We first call Gmaps_Search()
and providing it with a valid API key and cafe
as the type of establishment as follows:
# initialized class to search for cafes
gmaps = Gmaps_Search(api_key=key', 'cafe')
We then simply call the method search_query()
and provide 'Makati'
as the input to get the list of cafes found in Makati.
# search cafes located within the city of Makati
results = gmaps.search_query('Makati')
To view the top 5 results, we simply run
results.head(10)
Output:
To get the cafes found in another city, say Manila, we simply write
# search cafes located within the city of Manila
results = gmaps.search_query('Manila')
results.head(10)
Output:
Further Explorations
As mentioned earlier, the use of class makes it easier for other people to modify some sections of the code to satisfy specific user needs without rewriting everything from scratch.

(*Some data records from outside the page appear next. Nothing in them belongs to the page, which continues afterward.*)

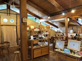 店舗店内には木製小物から家具まで、自社商品が並びます。
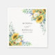 Dieses rustikale Hochzeitsnapkin-Design mit seinem hübschen bohenhaften Charme bietet farbenfrohe Aquarellsonnenblumen und weiße Rosen mit Eukalyptusgrün. Im Zentrum des Designs befindet sich eine Textvorlage, mit der man Braut und Bräutigam und Hochzeitstag personalisieren kann. Dieses Design funktioniert auch für Brautpartys und Verlobungsfeiern, die Braut und Bräutigam feiern.
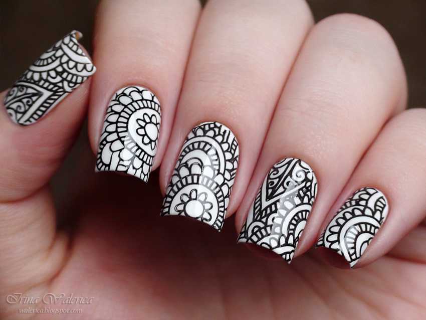 Важно заранее подобрать подходящий рисунок, импровизация испортит весь маникюр. Используйте зигзаги, штрихи, перекрестия, точки, линии
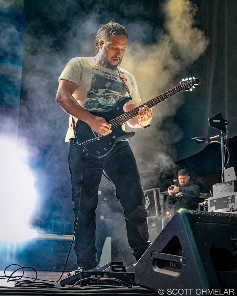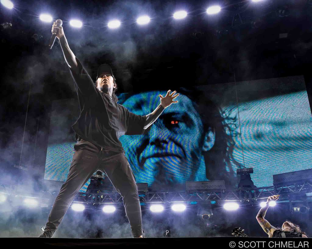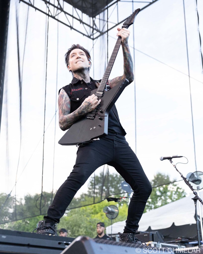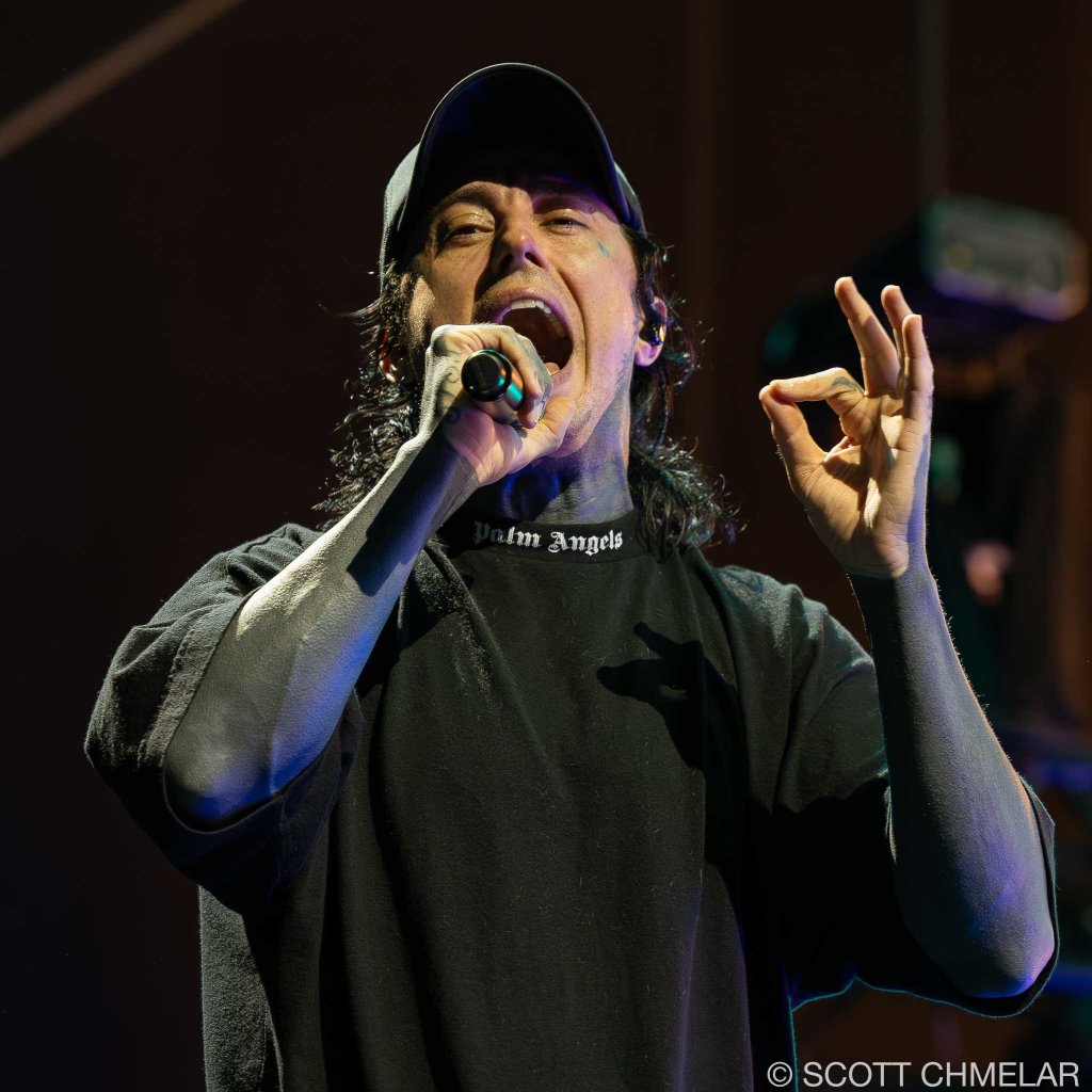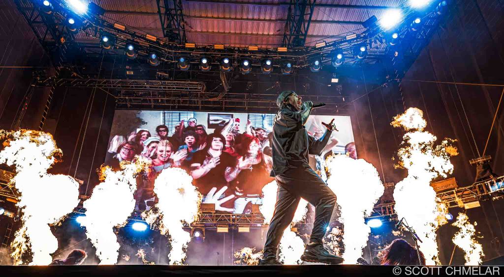 Headlining the night was Falling in Reverse (fallinginreverse.com), from Las Vegas, Nevada. Ronnie Radke fronted the band with the kind of control you don’t fake. Backed by Max Georgiev (lead guitar), Christian Thompson (rhythm guitar), Tyler Burgess (bass), and Luke Holland (drums), they played a tight, heavy set built around The Drug in Me Is You (2011), Just Like You (2015), Coming Home (2017), and Popular Monster (2024). Their use of pyro was over the top in the best way—waves of fire timed perfectly to breakdowns and choruses. The crowd screamed every word back. Their merch tent looked like a battlefield: blacked-out clothing, oversized prints, and fans grabbing everything they could before it sold out.
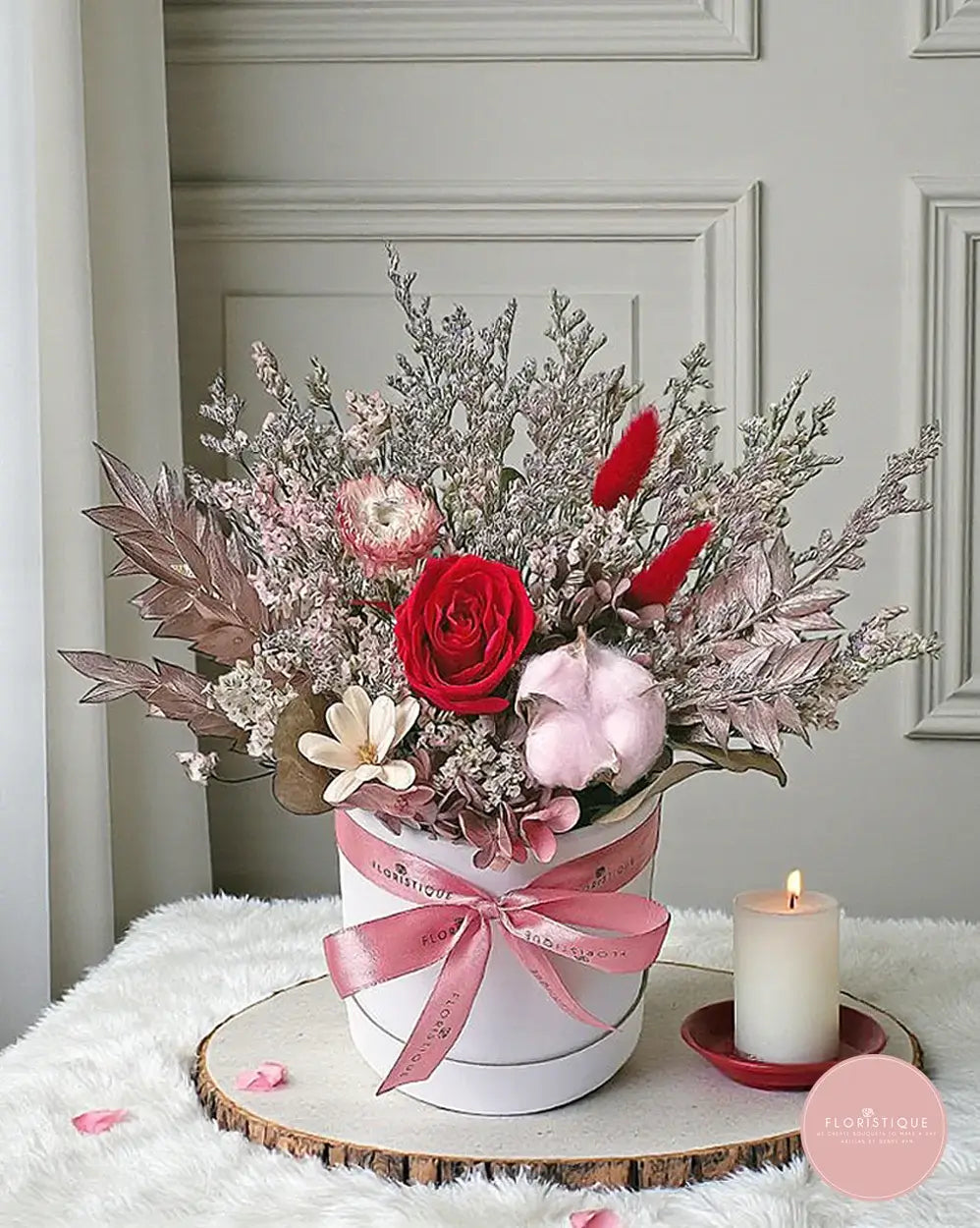 A romantic keepsake featuring a vivid preserved red rose framed by dusty-mauve foliage, fluffy cotton, bunny tails and dainty meadow fillers—arranged in a chic round box with a satin bow. Soft blush tones meet a pop of crimson for a classy, photo-ready finish that stays beautiful for months with minimal care (no watering; keep cool and dry).
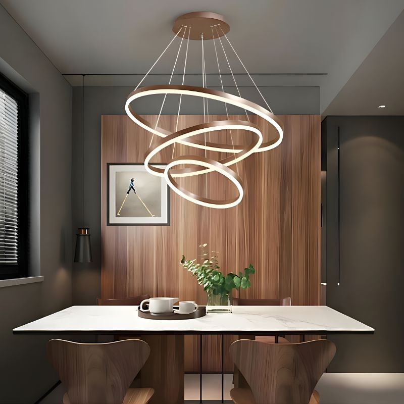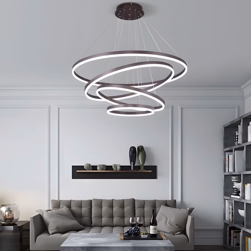 Cette suspension LED captive par ses anneaux concentriques qui dessinent une spirale aérienne et graphique. Son design minimaliste apporte une touche d’élégance moderne à vos espaces de vie, créant un point focal remarquable au-dessus d’une table à manger ou dans un salon contemporain.
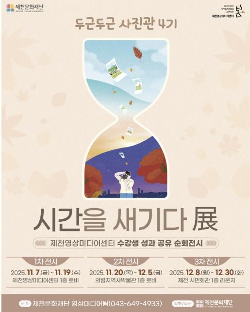 [중앙뉴스라인, 우제헌기자] 제천문화재단이 제천영상미디어센터 교육 수강생들의 작품을 순회 전시하는 '두근두근 사진관 4기 : 시간을 새기다 展'을 오는 11월 7일부터 12월 30일까지 제천시 일원에서 개최한다.

For example, if we want to search cafes outside the Philippines, we simply remove the string ' Philippines'
from the search_query()
method.
Another advantage is that we can create different instances of the same class. If our goal is to search for banks instead of cafes, we simply replaced the type from 'cafe'
to 'bank'
when creating an instance. For a list of valid place types, visit the following link Place Types.
We can also add additional complexity to our class by creating additional methods that would return specific information that the user specifically needs or a method that would visualize the results on a map.